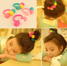 儿童发饰品 韩国三多彩毛毡球弹力发圈头花 女童孩头饰皮筋头发绳
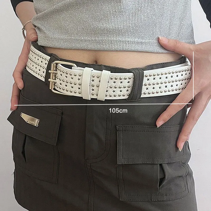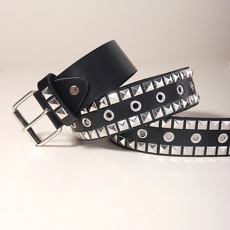 Rivet Hollow Bullet Decoration Belt Fashion Leather Studded Goth Rock Wild Adjustable Women Punk Black Belt
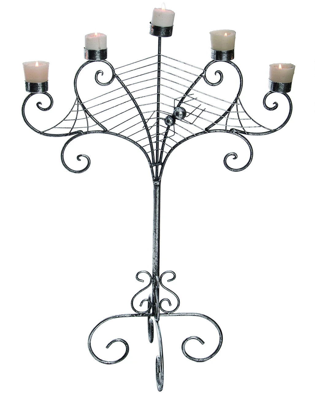 Lieferumfang: 1 x Silberner Metall Spinnweben Kerzenständer
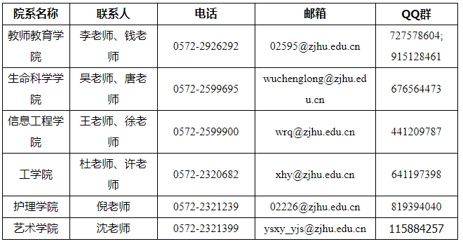 湖州师范学院研究生处,浙江省湖州市二环东路759号明达楼317室,邮编:313000,电话:0572-2322779。Email:yjsc@zjhu.edu.cn。官方网站:http://yjsc.zjhu.edu.cn/。

**THE TASK**
Find the line containing "Lieferumfang: 1 x", then extract it and every line after it to the end of the data above, exactly and nothing else, without pictures.

**SOLUTION TO THIS TASK**
 Lieferumfang: 1 x Silberner Metall Spinnweben Kerzenständer
 湖州师范学院研究生处,浙江省湖州市二环东路759号明达楼317室,邮编:313000,电话:0572-2322779。Email:yjsc@zjhu.edu.cn。官方网站:http://yjsc.zjhu.edu.cn/。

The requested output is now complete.